Researchers in Italy and Israel conducted a clinical trial to test Vivomixx, a probiotic containing eight bacterial strains, in people with CF.

“We aimed to assess the effect of Vivomixx administration on clinical outcomes, metabolomics, inflammatory parameters, and glucose metabolism in CF patients,” the team wrote. Metabolomics refers to the large-scale study of small molecules, collectively known as the metabolome, within cells, biofluids, tissues, or organisms.

“To the best of our knowledge, this is the first study to examine the effect of probiotics on glucose metabolism and metabolomics in CF patients,” the scientists added.

The study enrolled 23 people with CF; most (52%) were female and the group’s mean age was about 17. Six patients had CFRD and were on standard insulin treatment.

Patients took Vivomixx daily for four months. Those younger than 12 received one sachet of Vivomixx each day, those between 12 and 18 took two sachets daily, and those older than 18 received two sachets twice a day. The probiotic treatment was generally well-tolerated, with no significant side effects reported.

Digestion-related quality of life, assessed by the Cystic Fibrosis Questionnaire-Revised (CFQ-R), improved significantly after two months on Vivomixx. By the end of the four-month trial, however, quality of life scores had decreased again until they were similar to scores at its start.
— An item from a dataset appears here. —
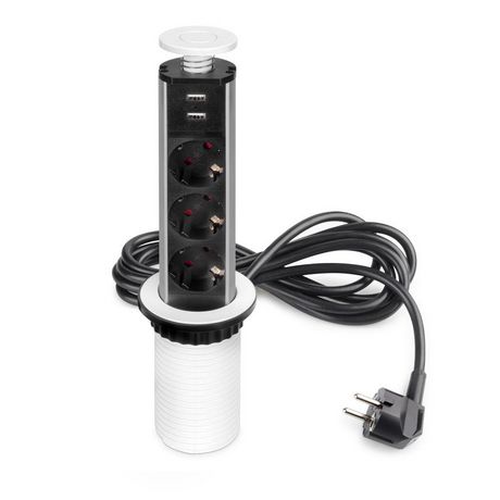 Multi-connecteur ou tour multiprises élevable , une solution efficace qui apporte de la fonctionnalité à vos meubles et qui reste totalement intégré dans les meubles de la cuisine, du bureau et de la maison. Parfait aussi bien pour les modules hauts que pour les modules bas grâce à son design rétractable et facilement dissimulable. Il s'adapte parfaitement aux bureaux dotés de passe-câbles. Il dispose de trois prises type Schuko avec puissance maximale admissible jusqu'à 3500W – 16A et de deux connecteurs USB pour charger des dispositifs électroniques 5V DC (1 x 1A / 2 x 0,5A), comme des smartphones ou des tablettes. Très versatile, le montage ne requiert qu'un usinage de D. 60 mm, et peut être installé dans des surfaces d'importante épaisseur, entre 1 y 95 mm. Il est fixé sur le meuble sans outils grâce à l'écrou de fixation manuelle. Il est doté d'un discret témoin d'allumage LED et d'un câble de 1,8 m avec prise pour 230V AC 50Hz.

“Our study showed a transient improvement in the digestive symptom domain in CFQ-R,” the researchers wrote. They speculated that this pattern may be because participants were more likely to be taking the probiotic as instructed during earlier than later trial months, but “further conclusions cannot be made.”

Some patients “complained about the taste,” the study noted, and were advised to mix the powdered probiotic with cold foods such as yogurt or ice cream.
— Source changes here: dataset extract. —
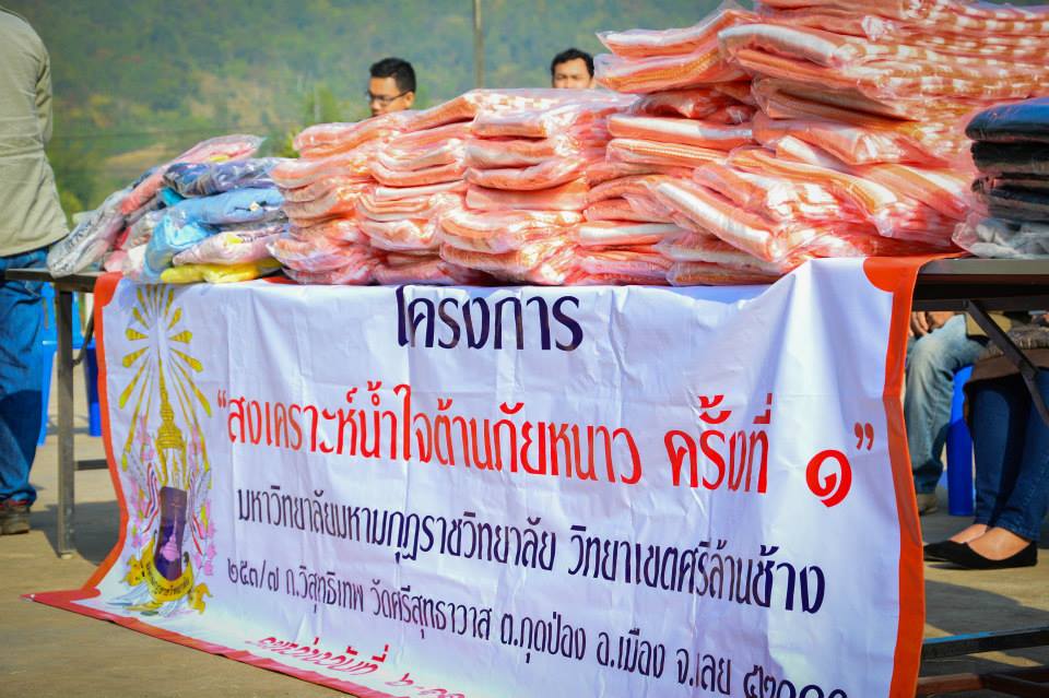 วันที่ 6 ม.ค. 2557 ช่วงเช้า ผู้บริหาร คณาจารย์ เจ้าหน้าที่ และนักศึกษา ได้ร่วมกันนำสิ่งของ เครื่องกันหนาว มอบให้กับคณะครู นักเรียน และชาวบ้าน ในเขตพื้นที่อำเภอด่านซ้าย จังหวัดเลย ตามโครงการ “สงเคราะห์น้ำใจต้านภัยหนาว ครั้งที่ 1” ซึ่งจุดแรกที่โรงเรียนบ้านห้วยตาด โดยมี พระครูกิตติสารสุมณฑ์ รองอธิการบดีวิทยาเขตศรีล้านช้าง เป็นประธานมอบสิ่งของ พระมหาวิเชียร ธมฺมวชิโร,ดร. รก.ผู้อำนวยการวิทยาลัยศาสนศาสตร์ คณาจารย์ เจ้าหน้าที่ และตัวแทนนักศึกษาร่วมมอบสิ่งของเครื่องกันหนาว

Analyses of 16 participants’ urine at the trial’s start and end showed that Vivomixx led to a significant increase in levels of several molecules related to glucose metabolism: namely, cysteine, lactulose, arabinose, mannitol, and indole 3-lactate. Significant decreases were observed in urinary levels of 3-methylhistidine and N-Acetyl glutamine, and also in stool levels of 2-hydroxyisobutyrate and 3-methyl-2-oxovalerate, based on data from seven participants.
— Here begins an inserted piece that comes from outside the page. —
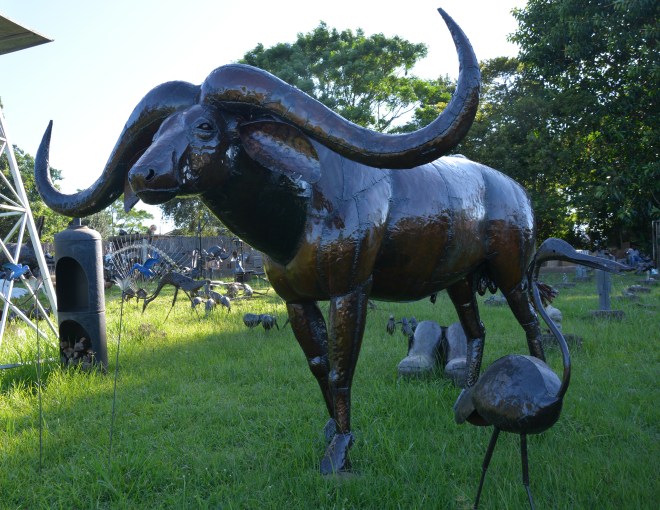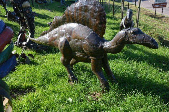 We drove out to look at the sculptures that a Zimbabwean, Lazarus, is creating outside Durban. “It was your input that persuaded us to take this route,” Mike says as we pull into Lazarus’s workshop, from which he generally makes and sells garden ornaments of considerable creativity. Welded steel, much of it recycled. All of it with very ‘African’ characteristics. Some of the dinosaurs are currently stored amongst his other wares in his extensive grounds. They are terrific! And the whole team, and clients are thrilled by the look of them, the African quality and the folk references. Lazarus has worked to sketches and briefs, his results signed off by the palaeontologists at the university. I’m happy I encouraged this lively, artistic sculptural solution. And I’m happy to help a skilful Zimbabwean too. I admire that nation above almost all other Africans.

These changes were significant in patients with and without CFRD, the researchers noted.

“In this single-center prospective pilot study, probiotic administration in CF patients resulted in significant changes in stool and urine metabolomics,” the team wrote. “The change in metabolites profile suggests a positive effect of Vivomixx on glucose metabolism in these patients.”

Researchers stressed that this study is limited by its small size, and by the lack of a control group of patients on a placebo.

“Larger, randomized double blind placebo-controlled studies using different probiotics products, will help in extending our knowledge,” the scientists wrote. “Understanding the interplay between microbial imbalance, inflammation, and glucose metabolism in CF may be beneficial in preventing CFRD.”